Первые девять месяцев мы спали вместе. Казалось мне, что «из ноздрей его выходит дым, как из кипящего горшка или котла». Затем он захотел отнять у брата своего изголовье, стать сопричастным к праву любви и сочувствия.
В последнее время меня стала преследовать мысль убить Лазаря. Точно так, как библейский Каин — Авеля. Я старался заманить Лазаря к лесу и утопить его.
«У дверей грех лежит; он влечёт тебя к себе, но ты господствуй над ним».

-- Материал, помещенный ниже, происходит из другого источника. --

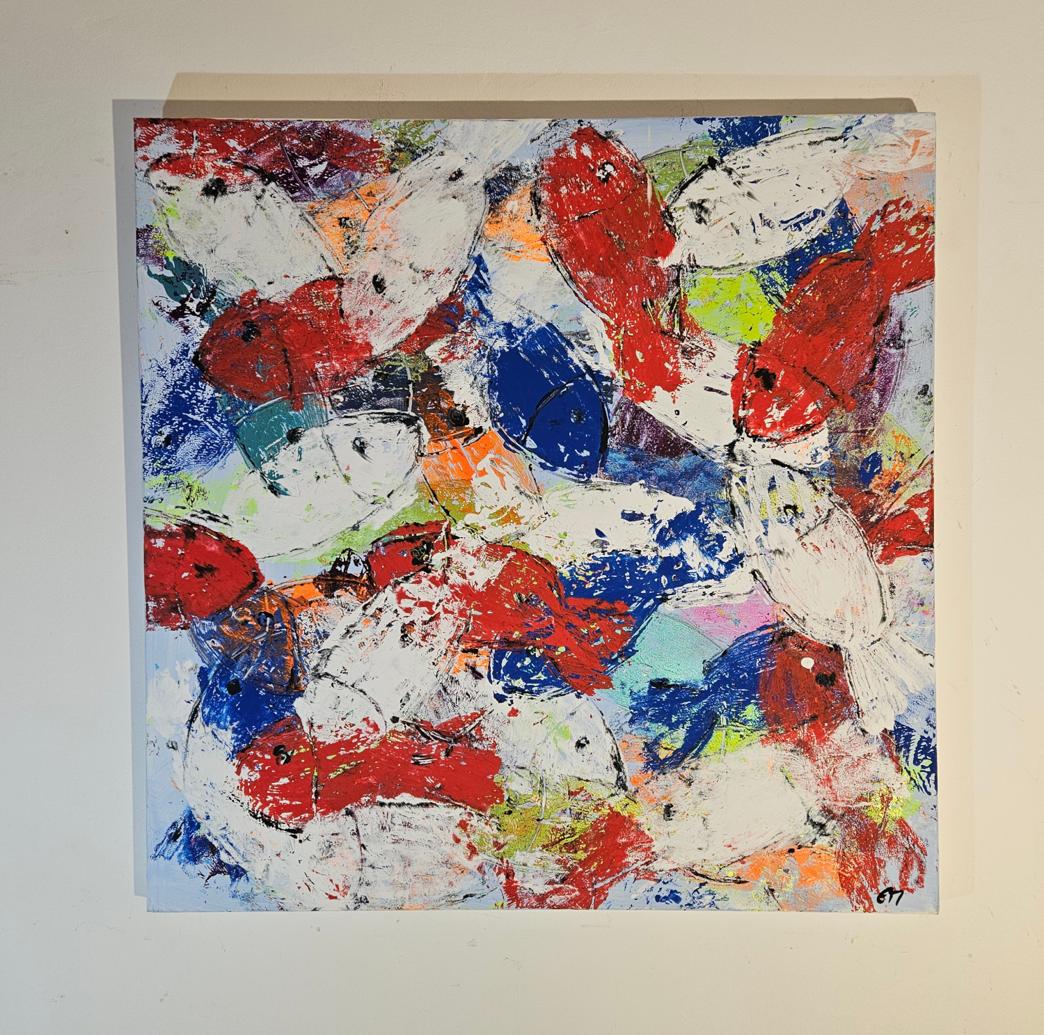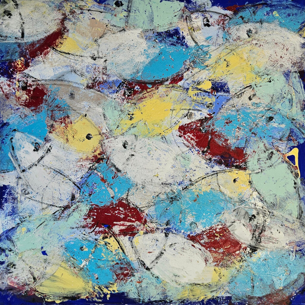 Tableau contemporain peint par l’artiste français Guillaume Marchat représentant des poissons blancs, bleus, rouges. On ressent sur la toile le mouvement du banc de poissons.

Мы сели на сухую землю. Лазарь водил рукой по земле… наступая на цыпочки, будто страшась своей тяжестью сломать чресло Земли; потом он неожиданно обнял меня и сказал голосом, в котором прокрадывалась тоска:
— Мы уже умерли!
— За что? — спросил я с удивлением.
— За зависть, леность и хулу на Господа! За то, что мы сами не ведаем, чего хотим друг от друга. Мы научились вероломству вместо искренности и рассорились между собой. Умираем подобно овцам и скотине. Поставили идолов на вершине каждой горы, в том числе и в душах своих. «И я ворочаюсь досыта до самого рассвета», так как ежечасно помню, что, созданные из праха, мы в прах возвратились. Не из костей ли и жил сотворили нас и пролили нас молоком? Так почему же сгустились мы? Устремлённость к цели развела нас, связанных с одним дыхательным аппаратом. Радость нашли мы не в пастырстве овец и возделывании земли, но в злословии и спорах… И я вопрошаю тебя: смог бы ты одновременно пахать и вести овец на пастбище? Сеять и чесать шерсть? Ковырять трясогузку и высматривать волка? Неужели дикому ослу, который орёт в поле, не нужен хозяин, или волу, ревущему перед сеном? Истинно «одинокий человек более жалок, чем разделяющий дело с другим». Во всем не сможешь быть первым, иногда дóлжно тебе быть вторым, третьим, десятым… Числа ничего не меняют до тех пор, пока не начинают их считать. «Не приноси в жертву Господу, Богу твоему, вола, или овцы, на которой будет порок, или что-нибудь худое: ибо это мерзость для Господа, Бога твоего». Подобным пороком обладаю и я… В то время, когда я веду овец по склону горы, меня начинает преследовать ужасная мысль о тоске преходящей жизни. И о том, что пройдёт время — и перестанем мы быть друг другу утешением. Что, подобно Понтию Пилату, умоем руки на несчастия других, возвысим на кресте чувства друг друга, и нам доставит удовольствие фарисейство перед Сыном Человеческим…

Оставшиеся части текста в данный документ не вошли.